What's missing in Rio Rancho are the opportunities for the simple sociability that lubricates our lives. A place where people are likely to bump into one another. The kinds of places conducive to what evolutionary psychologist Robert Wright calls "regular random encounters." These places include front yards and porches, parks, public markets, town squares and playgrounds where we keep an eye on each other's children, have a chance greeting, share the news (good or bad) or release some simple irritation or vague frustration in a harmless exchange that lets us let off steam without blowing our top.

The problem is neither size nor density. As cities grew larger they may have taken us from the landscape, but they gave us something in return. In their complexity and the bustle of their market places there was the constant collision of human nature, of each other brushing elbows in the street. This brownian hubbub that you feel in Manhattan or San Francisco, or any port town, ties us to our organic origins, soothes us with humanities' good and acquaintance us on occasion with its darker side.

We are designed by nature to be with each other in this way. We are psychologically and biologically lubricated by such interactions. Our brains are genetically designed to work that way.

For more than 99% of human history, people have lived in bands and clans as hunters and gatherers intimately and instinctively involved in some kind of natural environment. "During this period of deep history, and still farther back," E.O. Wilson explains,"...the brain evolved in a biocentric world, not a machine-related one." Urban environments today are our new natural environments. They too have an opportunity to connect us with other living organisms, primarily our fellow human beings in all their idiosyncratic and distinctive disguises.

The city can be a species rich environment. Architect Frank Lloyd Wright called it the "Living City." He saw the concepts of freedom, individuality, creativity and architecture inextricable linked. "Democracy," he proclaimed, "is the sovereignty of individuality...habitation not habituation is the great educator."

But like other species rich environments — coral reefs, river systems, marshes, bosques and old growth forests — the city too is being drained of its biophilic vitality, and as E.O. Wilson explains, a defining part of the human experience is being developed out of existence.

Our politicians exhort us to find some crucial common ground, a conceptual middle place between the rights of the state and the rights of the individual, between rich and poor, public and private, right and left, one race or another.

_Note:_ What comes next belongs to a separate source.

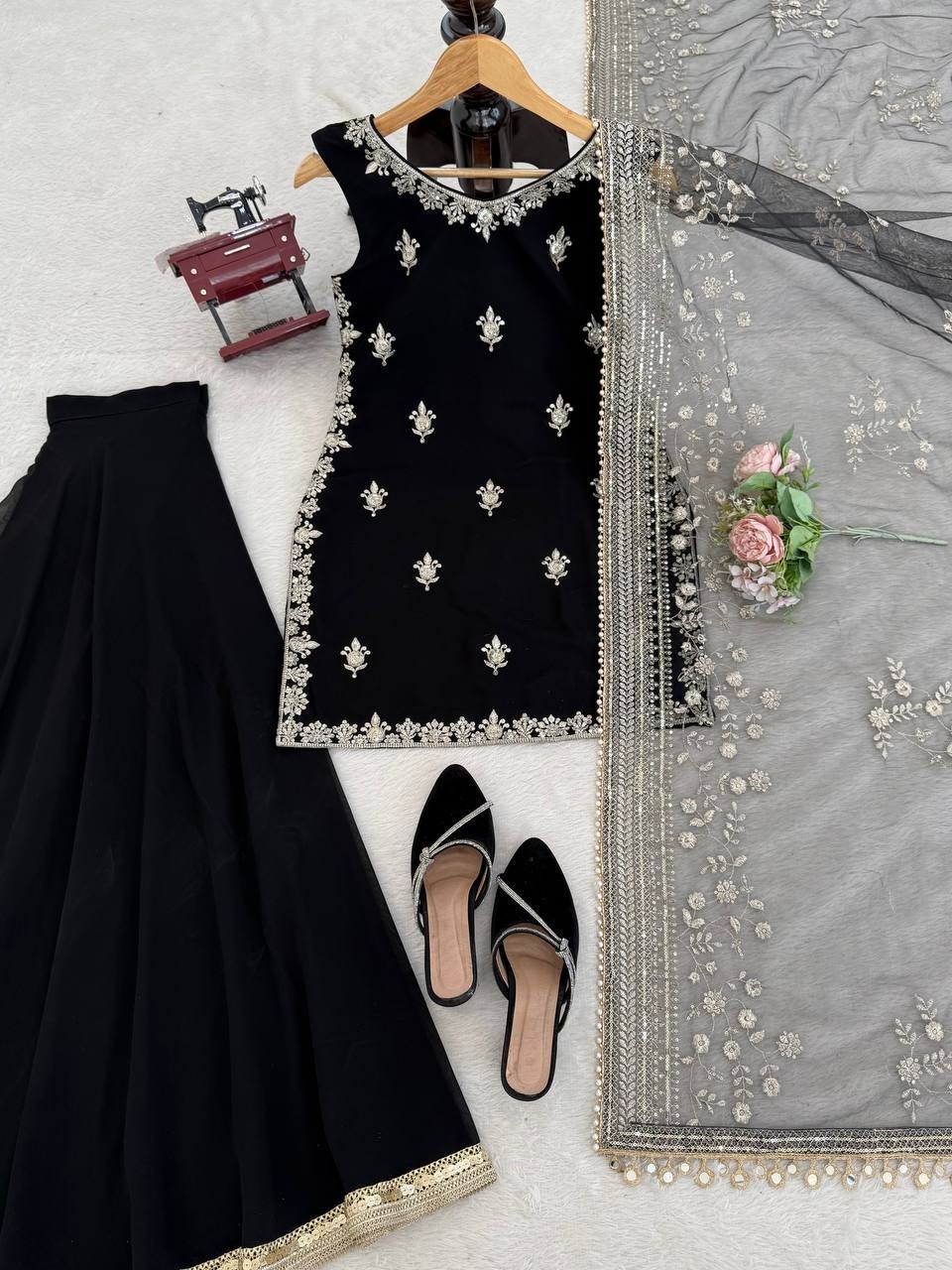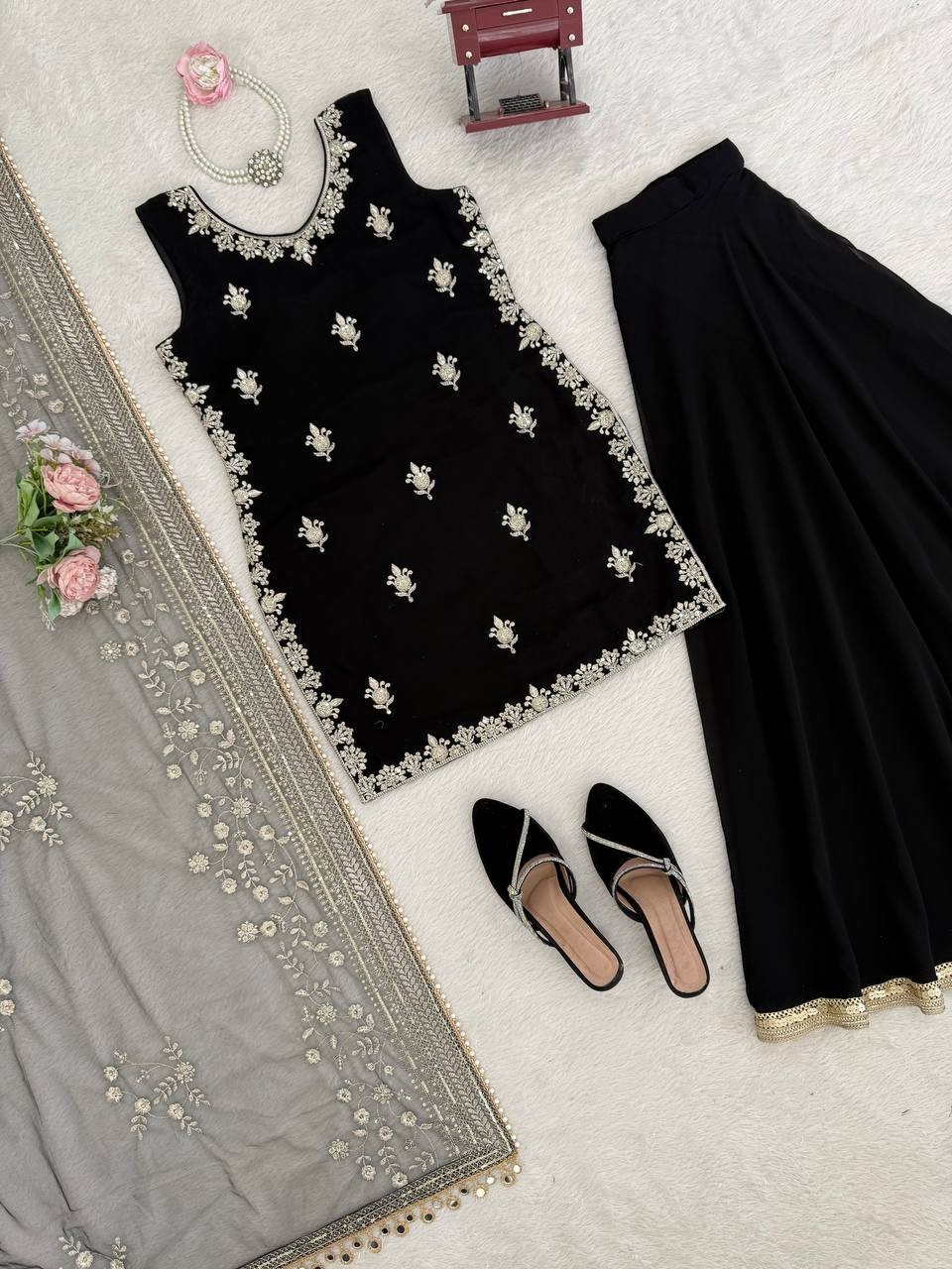 как выглядит Designer Black Faux Georgette Palazzo Suit With Dupatta For Reception Wear фото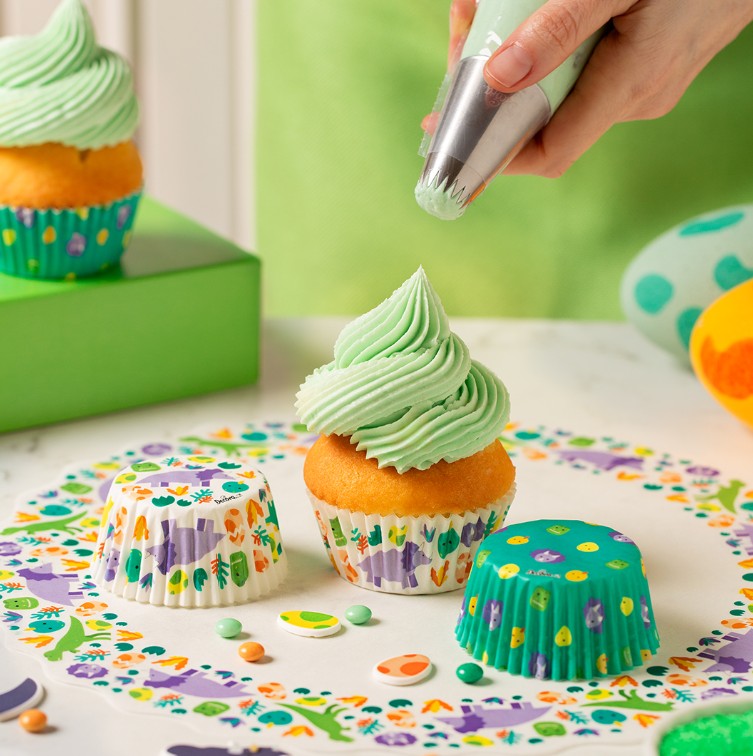 Nämä koristeelliset kakkupaperit on valmistettu leivinpaperista, ja ne sopivat erinomaisesti tarjoiluun ja esillepanoon sekä jälkiruoille että suolaisille herkkuille dinosaurus-teemaisissa juhlahetkissä.

That common ground is not only someplace in our hearts and minds; it is a place in time and space. It is a neighborhood place where we rub elbows and say hello, a park, a town square, a front yard, a farmer's market.

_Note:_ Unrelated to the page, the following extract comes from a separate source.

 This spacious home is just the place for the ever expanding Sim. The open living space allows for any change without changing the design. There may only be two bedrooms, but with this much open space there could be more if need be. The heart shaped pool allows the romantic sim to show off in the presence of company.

Our cities and neighborhoods are a reflection of us in concrete and glass, more accurate and more enduring than our media images on celluloid and video tape.

One has to wonder what the results might be if we took all the money we're now spending to "unsell" teen pregnancy and used it instead to build more town squares or front porches. A place where people can see one another and be seen, mingle, talk, laugh or exchange the story of their day.

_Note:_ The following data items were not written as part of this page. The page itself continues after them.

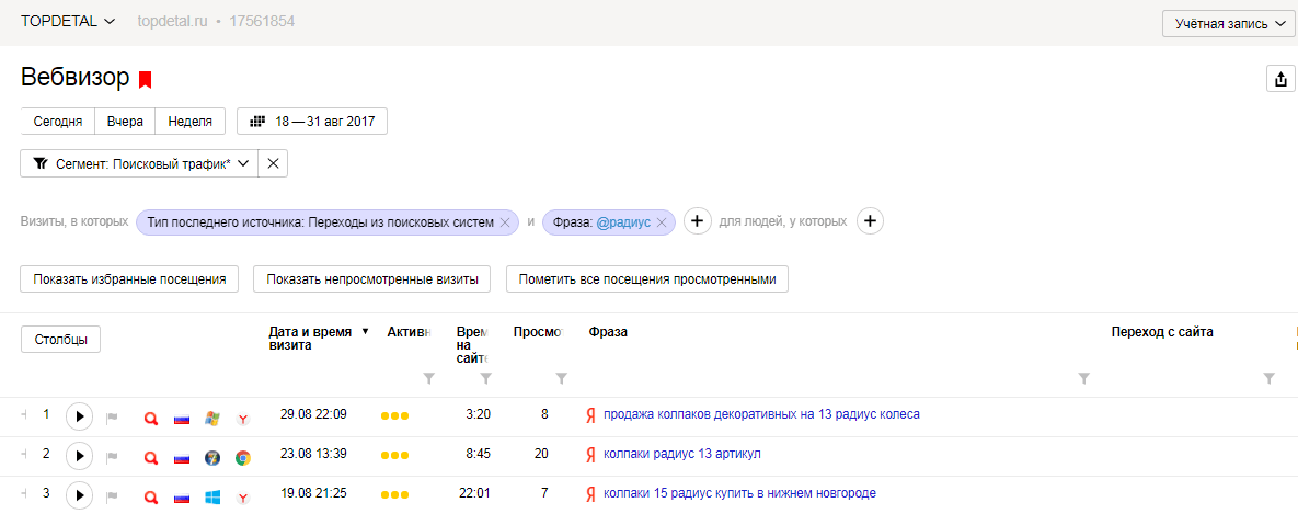 Статистика по ключевым запросам, использованным в мае (позиции сняты в августе 2017 г.) Статистика по ключевым запросам, использованным в июне (позиции сняты в августе 2017 г.) Примеры НЧ запросов, по которым пользователи приходят на сайт из поисковиков Обратите внимание на глубину просмотра и время на сайте: по каждому НЧ запросу переходов немного, но они качественные, с высоким шансом монетизации лида. Поскольку это низкочастотники, мы стараемся собрать их по максимуму.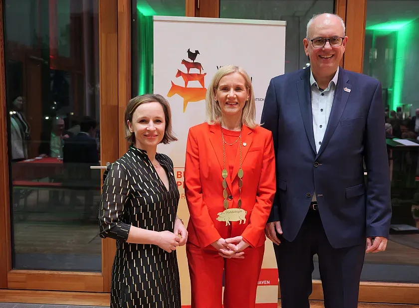 Auch die neue Kohlkönigin Prof. Dr. Jutta Günther richtete Worte an die Gäste: „Ich freue mich über diese Ernennung und verstehe sie als Einladung, Bremen hier in Berlin wissenschaftlich und kulturell präsent zu halten. Die Universität Bremen selbst ist, wenn man so will, ein Grünkohl unter den Universitäten: robust, widerstandsfähig und voller Potenzial.“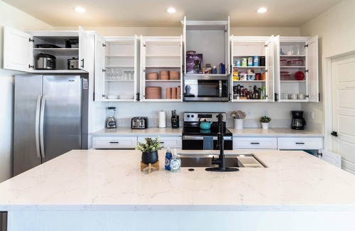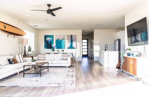 Nestled in the heart of the breathtaking Southwest, Lake Powell Surf Inn invites you to a sanctuary where the rhythm of the desert meets the comforts of home. Thoughtfully designed to balance modern style with a tranquil atmosphere, this spacious 4-bedroom, 2.5-bathroom retreat captures the essence of serenity, offering sweeping views of Lone Rock, Lake Powell, and the surrounding desert horizon framed by a grand 16-foot glass slider.
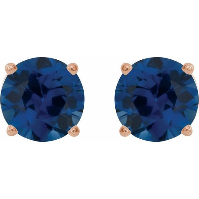 / 14K Rose / Set / Round / Lab-Grown Blue Sapphire / Pair / 8 Mm / Friction / Friction Backs Included / 4-Prong / Polished / Lab-Grown Blue Sapphire Stud Earrings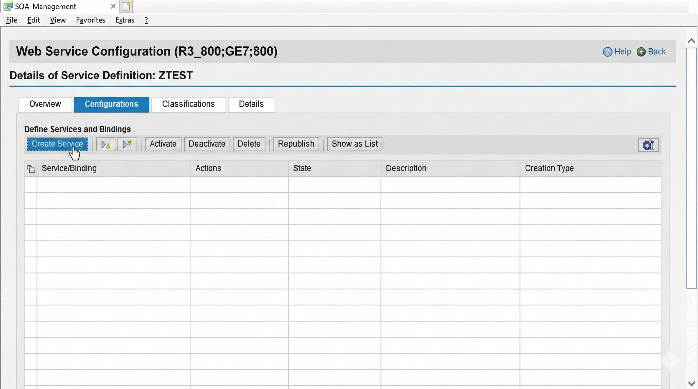 Selecting the service opens the wizard for configuring the web service release via the "Create Service" button.

Before we saw ourselves in the movies, or read about ourselves in books, or took psychology or the hidden self seriously, looked at supportive or abusive parents...before there was even such a thing as media violence, our public spaces told us who we were, and architecture shaped our lives.

When we saw God in the heavens, we built spired cathedrals. When we saw God in the earth, we built pyramids. When we see God in commerce, we build office complexes, factories, roads and ports. When we fail to see God in each other,

We build gated communities and streets without sidewalks, walls without windows, and a town square on the internet instead of in the center of town.

We truly are a product of our environment. When it comes to our communities and cities, our environment is as powerful a shaper of our behavior, and seemingly as much beyond our control, as our genetic code.